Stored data
-=-=-=-=-
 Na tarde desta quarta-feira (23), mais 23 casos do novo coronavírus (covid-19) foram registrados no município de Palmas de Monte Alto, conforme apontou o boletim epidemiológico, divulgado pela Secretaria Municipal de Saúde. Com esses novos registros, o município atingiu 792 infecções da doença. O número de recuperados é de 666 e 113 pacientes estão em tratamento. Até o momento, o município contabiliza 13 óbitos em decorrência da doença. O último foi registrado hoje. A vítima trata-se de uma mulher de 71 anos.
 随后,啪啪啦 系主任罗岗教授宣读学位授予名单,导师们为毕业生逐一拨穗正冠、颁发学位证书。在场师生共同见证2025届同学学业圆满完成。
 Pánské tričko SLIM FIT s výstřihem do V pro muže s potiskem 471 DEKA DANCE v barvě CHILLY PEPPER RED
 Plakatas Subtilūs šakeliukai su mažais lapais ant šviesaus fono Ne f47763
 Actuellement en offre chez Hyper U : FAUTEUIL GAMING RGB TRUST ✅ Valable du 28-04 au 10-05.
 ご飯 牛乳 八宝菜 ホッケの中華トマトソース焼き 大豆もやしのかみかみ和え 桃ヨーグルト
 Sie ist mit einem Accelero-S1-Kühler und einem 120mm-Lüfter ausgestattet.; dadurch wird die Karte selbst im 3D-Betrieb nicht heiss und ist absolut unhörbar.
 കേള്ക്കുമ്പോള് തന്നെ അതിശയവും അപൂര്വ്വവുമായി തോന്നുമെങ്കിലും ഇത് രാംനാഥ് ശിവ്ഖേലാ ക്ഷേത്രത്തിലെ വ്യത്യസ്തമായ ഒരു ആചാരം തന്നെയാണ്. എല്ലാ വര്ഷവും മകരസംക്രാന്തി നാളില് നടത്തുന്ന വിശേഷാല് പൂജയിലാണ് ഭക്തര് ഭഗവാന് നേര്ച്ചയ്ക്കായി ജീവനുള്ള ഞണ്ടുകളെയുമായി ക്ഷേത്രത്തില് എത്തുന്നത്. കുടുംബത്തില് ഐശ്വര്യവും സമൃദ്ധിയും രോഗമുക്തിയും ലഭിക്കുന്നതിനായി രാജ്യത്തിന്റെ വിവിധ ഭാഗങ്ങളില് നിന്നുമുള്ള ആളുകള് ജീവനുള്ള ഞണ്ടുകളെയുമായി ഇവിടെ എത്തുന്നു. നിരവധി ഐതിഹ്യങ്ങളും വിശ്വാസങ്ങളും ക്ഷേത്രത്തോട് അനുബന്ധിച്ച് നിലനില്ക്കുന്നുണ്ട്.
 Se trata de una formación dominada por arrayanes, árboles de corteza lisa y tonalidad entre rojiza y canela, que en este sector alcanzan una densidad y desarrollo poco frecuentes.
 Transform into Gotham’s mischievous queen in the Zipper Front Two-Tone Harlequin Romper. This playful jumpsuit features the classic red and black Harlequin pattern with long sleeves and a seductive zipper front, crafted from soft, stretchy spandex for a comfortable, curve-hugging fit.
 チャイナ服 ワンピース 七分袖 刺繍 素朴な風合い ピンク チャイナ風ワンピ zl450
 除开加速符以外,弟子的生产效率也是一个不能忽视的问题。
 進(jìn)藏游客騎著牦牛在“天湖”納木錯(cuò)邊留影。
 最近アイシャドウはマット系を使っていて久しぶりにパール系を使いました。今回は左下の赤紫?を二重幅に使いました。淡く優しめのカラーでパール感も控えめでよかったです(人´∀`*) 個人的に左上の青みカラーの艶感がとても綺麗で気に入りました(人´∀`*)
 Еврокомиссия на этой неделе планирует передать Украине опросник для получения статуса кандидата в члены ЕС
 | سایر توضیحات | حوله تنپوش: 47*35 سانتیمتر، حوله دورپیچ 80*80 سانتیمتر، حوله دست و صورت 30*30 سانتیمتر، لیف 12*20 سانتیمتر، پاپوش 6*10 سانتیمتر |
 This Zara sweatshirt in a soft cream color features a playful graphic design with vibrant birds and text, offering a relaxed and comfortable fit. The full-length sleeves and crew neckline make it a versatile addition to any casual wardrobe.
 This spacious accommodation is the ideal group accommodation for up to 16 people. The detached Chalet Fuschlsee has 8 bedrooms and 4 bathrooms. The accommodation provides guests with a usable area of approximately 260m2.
-=-=-=-=-
* _Problem description_: Transcribe every line of the records, keeping each one exact.

* _Written answer_:
 Na tarde desta quarta-feira (23), mais 23 casos do novo coronavírus (covid-19) foram registrados no município de Palmas de Monte Alto, conforme apontou o boletim epidemiológico, divulgado pela Secretaria Municipal de Saúde. Com esses novos registros, o município atingiu 792 infecções da doença. O número de recuperados é de 666 e 113 pacientes estão em tratamento. Até o momento, o município contabiliza 13 óbitos em decorrência da doença. O último foi registrado hoje. A vítima trata-se de uma mulher de 71 anos.
 随后,啪啪啦 系主任罗岗教授宣读学位授予名单,导师们为毕业生逐一拨穗正冠、颁发学位证书。在场师生共同见证2025届同学学业圆满完成。
 Pánské tričko SLIM FIT s výstřihem do V pro muže s potiskem 471 DEKA DANCE v barvě CHILLY PEPPER RED
 Plakatas Subtilūs šakeliukai su mažais lapais ant šviesaus fono Ne f47763
 Actuellement en offre chez Hyper U : FAUTEUIL GAMING RGB TRUST ✅ Valable du 28-04 au 10-05.
 ご飯 牛乳 八宝菜 ホッケの中華トマトソース焼き 大豆もやしのかみかみ和え 桃ヨーグルト
 Sie ist mit einem Accelero-S1-Kühler und einem 120mm-Lüfter ausgestattet.; dadurch wird die Karte selbst im 3D-Betrieb nicht heiss und ist absolut unhörbar.
 കേള്ക്കുമ്പോള് തന്നെ അതിശയവും അപൂര്വ്വവുമായി തോന്നുമെങ്കിലും ഇത് രാംനാഥ് ശിവ്ഖേലാ ക്ഷേത്രത്തിലെ വ്യത്യസ്തമായ ഒരു ആചാരം തന്നെയാണ്. എല്ലാ വര്ഷവും മകരസംക്രാന്തി നാളില് നടത്തുന്ന വിശേഷാല് പൂജയിലാണ് ഭക്തര് ഭഗവാന് നേര്ച്ചയ്ക്കായി ജീവനുള്ള ഞണ്ടുകളെയുമായി ക്ഷേത്രത്തില് എത്തുന്നത്. കുടുംബത്തില് ഐശ്വര്യവും സമൃദ്ധിയും രോഗമുക്തിയും ലഭിക്കുന്നതിനായി രാജ്യത്തിന്റെ വിവിധ ഭാഗങ്ങളില് നിന്നുമുള്ള ആളുകള് ജീവനുള്ള ഞണ്ടുകളെയുമായി ഇവിടെ എത്തുന്നു. നിരവധി ഐതിഹ്യങ്ങളും വിശ്വാസങ്ങളും ക്ഷേത്രത്തോട് അനുബന്ധിച്ച് നിലനില്ക്കുന്നുണ്ട്.
 Se trata de una formación dominada por arrayanes, árboles de corteza lisa y tonalidad entre rojiza y canela, que en este sector alcanzan una densidad y desarrollo poco frecuentes.
 Transform into Gotham’s mischievous queen in the Zipper Front Two-Tone Harlequin Romper. This playful jumpsuit features the classic red and black Harlequin pattern with long sleeves and a seductive zipper front, crafted from soft, stretchy spandex for a comfortable, curve-hugging fit.
 チャイナ服 ワンピース 七分袖 刺繍 素朴な風合い ピンク チャイナ風ワンピ zl450
 除开加速符以外,弟子的生产效率也是一个不能忽视的问题。
 進(jìn)藏游客騎著牦牛在“天湖”納木錯(cuò)邊留影。
 最近アイシャドウはマット系を使っていて久しぶりにパール系を使いました。今回は左下の赤紫?を二重幅に使いました。淡く優しめのカラーでパール感も控えめでよかったです(人´∀`*) 個人的に左上の青みカラーの艶感がとても綺麗で気に入りました(人´∀`*)
 Еврокомиссия на этой неделе планирует передать Украине опросник для получения статуса кандидата в члены ЕС
 | سایر توضیحات | حوله تنپوش: 47*35 سانتیمتر، حوله دورپیچ 80*80 سانتیمتر، حوله دست و صورت 30*30 سانتیمتر، لیف 12*20 سانتیمتر، پاپوش 6*10 سانتیمتر |
 This Zara sweatshirt in a soft cream color features a playful graphic design with vibrant birds and text, offering a relaxed and comfortable fit. The full-length sleeves and crew neckline make it a versatile addition to any casual wardrobe.
 This spacious accommodation is the ideal group accommodation for up to 16 people. The detached Chalet Fuschlsee has 8 bedrooms and 4 bathrooms. The accommodation provides guests with a usable area of approximately 260m2.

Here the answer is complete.